Here is what I can see with a packet sniffer when connecting to a local machine running a node server with a simple socket.io script looking for JSON data. The Arduino is using Bill Roy's SocketIOClient library.

I see the Arduino try to open the communication, which the PC acknowledges, then 84 TCP messages going back and forth between the Arduino and the PC. The PC is just sending an acknowledgement and the Arduino sending mostly just linefeeds and the occasional carriage return.

Then a message from the PC:

HTTP/1.1 400 Bad Request
Content-Type: application/json
Hypertext Transfer Protocol
HTTP/1.1 400 Bad Request
Content-Type: application/json
Access-Control-Allow-Credentials: true
Access-Control-Allow-Origin: Arduino
Date: Thu, 29 Dec 2016 16:52:01 GMT
Connection: keep-alive
Transfer-Encoding: chunked
{"code": 0,"message":"Transport unknown"}

And then both signal to disconnect.

This raises two questions about the failure to communicate.

Is the server terminating the connection because the Arduino is not sending anything? (failure on the Arduino side)

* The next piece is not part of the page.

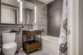 Experience the best of Manhattan from this spectacular building, offering sweeping views and hand-picked furnishings. This luxurious property features elegant apartments with designer kitchens and hardwood floors, stunning artwork, and sophisticated design throughout. Enjoy a massive Life Time Athletic Club, basketball court, and yoga classes on-site, all in a walkable location near the Theater District, the Javits Center, and public transit. Combining the premium amenities of a high-end resort with the space and privacy of a home, this beautiful tower offers the epitome of sophisticated city living. Wake up to the day through massive floor-to-ceiling windows, with each bed outfitted with premium linens and spacious closets. The bathrooms are equally elegant, featuring Olympic Gray porcelain tile and modern fixtures, including glass-walled showers with city views in some units. The Italian-crafted kitchen is equipped with European appliances, quartz countertops, and contemporary cabinets stocked with cookware, dishes, and utensils, making dining in a delightful experience. Please note there is an additional fee for all amenities, including the Life Time Athletic Club, two outdoor pools, and valet parking. Cribs are available upon request and may incur additional fees. Pets are welcome with a fee of $250 or $500, depending on size and breed. This address is one of the best in Manhattan, putting you within walking distance of Times Square, the Theater District, the Javits Center, and a plethora of shops and restaurants. For further journeys around the NYC metro, Port Authority Station is just a few blocks away, as is the Midtown / W. 39th St. ferry terminal. All guests are required to wear a mask in all non-private areas at all times. The use of amenities is subject to fees and availability. Photos are representative of the actual apartment, and there may be differences in furniture and layouts of the assigned unit. The building may have specific pet restrictions, including pet size and breed, so please check their pet policies prior to confirming your reservation. The living spaces are perfect for relaxing and recharging, whether you prefer to watch the game on the couch, catch up on emails, or admire the mesmerizing city views. High-speed wireless internet is available to support your remote work needs. [SI]

Is the Arduino waiting for something from the server? (failure on the server side)

Anyone have an ideas?

BTW, I did find the SocketIOClient library calls the standard Ethernet library, and I changed that to Ethernet2 (which gave the compiler a fit before I changed that).

EDIT: I found an older shield and tried it again with the older Ethernet.h library, and no change.
However, I did accidently try talking with the wrong port number and got this response:

Not connected.
Drop HTTP/1.1 400 Bad Request
Drop Content-Type: text/html; charset=us-ascii
Drop Server: Microsoft-HTTPAPI/2.0
Drop Date: Thu, 29 Dec 2016 21:51:24 GMT
Drop Connection: close
Drop Content-Length: 326
Drop
Drop
Drop Bad Request
Drop
Drop

Bad Request - Invalid Verb


Drop

HTTP Error 400. The request verb is invalid.


Drop

Basically, it connects and the Arduino offers a handshake, but gets this as a reply.

Well, this is a bummer. I got in touch with Bill Roy, who authored one of the more detailed libraries, and he thinks there were some changes in the socket.io protocal in the time since he had created the library. Since all the libraries I found were about the same age, right now it is at a dead end - short of writing a new library. Bill was going to check to see if it was a simple fix and see about an update, but I'm at a bit of a standstill right now. :-\

Everything that happens on the web involves sending text from one place to another. If you know the text that needs to be sent to make something happen then it should be possible to make an Arduino send it - provided, of course, that the text will fit in an Arduino.

...R

And the $64K question is...what does it send? :-\

(If I knew that I would have brute-forced this already!)

MichaelL65:
And the $64K question is...what does it send? :-\

I don't know - I have never tried to do web-socket programming. But, as I said earlier, I don't think this Forum is the ideal place to get that sort of advice.